# Decent rifle under 400 and cheap decent scopes!



## gooseboy (Sep 13, 2005)

Hey guys im looking for a decent rifle under 400 dollars that would be able to take down deer, coyotes, hog, and other things. Im pretty set on either the 270. or the 30-06. Anyone know of a rifle under 400 bucks?


----------



## WOLFGANG (Feb 19, 2006)

hello gooseboy look in my post "package gun shootoff."alot of other shooters and hunters gave me excellent advice on some nice affordable rifles.and which ones i should be skeptical about buying.good luck.


----------



## gooseboy (Sep 13, 2005)

Hey thanks i looked at that right after i made this thread and the Mossberg looks good. I dont know about scopes though because i cant find any websights that have the MSRP of the scopes.


----------



## Remington 7400 (Dec 14, 2005)

I wouldn't advise you to buy the Mossberg rifle. It is a direct copy of the Raptor rifle. A company that went out of business some time ago, seems like Mossberg bought the company and machinery. Raptor rifles had a reputation for terriable accuray and poor reliability. For the money I would rather have the Savage 110 Package than the Raptor, and keep in muind that I am by no means a Savage fan.

For a good cost effective rifle it is hard to beat a Remington 700 ADL synthetic, I have had a number of these over the years they were all excellant shooters, the best a .243 would shoot 1/2 inch MOA at 150 yards, and the worst a .257 Roberts would still print 2 inches at 100 yards.


----------



## Gohon (Feb 14, 2005)

If you're going to get a Remington 700 ADL you had better hurry. They discontinued the ADL in 2004.


----------



## huntin1 (Nov 14, 2003)

Go with a Savage you'll get a great rifle at a decent price.

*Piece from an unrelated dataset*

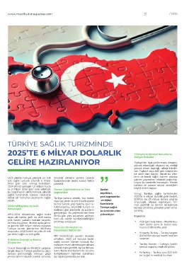 2025 yılında Türkiye; yaklaşık 2,5 mil- öncelikli ülkelere yönelik tanıtım lerin de kendi sağlık turizmi alanına
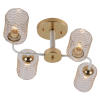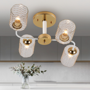 Описание: Элегантная люстра в сочетании золота и белого с прозрачными плафонами, украшенными металлической сеткой. Идеально подходит для создания современной атмосферы в интерьере. Оснащена 4 рожками с цоколем E27 (макс. 40 Вт), что позволяет использовать различные лампы для мягкого и уютного освещения.

Scopes: sorry IMO decent and cheap should not be used in the same sentence when referring to glass. A decent scope will cost nearly as much as the rifle, a good scope will cost as much as the rifle and a great scope will cost several times what the rifle will cost.

huntin1


----------



## gooseboy (Sep 13, 2005)

Hey sorry guys but can you list some of the prices of the rifles listed i cant find them. Thanks!


----------



## honkbuster3 (Jan 11, 2006)

A remington model 710 package with scope only costs $350. I used to have on and loved it. It comes in .270 and probably 30-06. The 270 is a great caliber :beer:


----------



## gooseboy (Sep 13, 2005)

I heard the scope and rifle suck though.

My friend told me i can get a Savage Stevens or something for 300 bucks is this true?


----------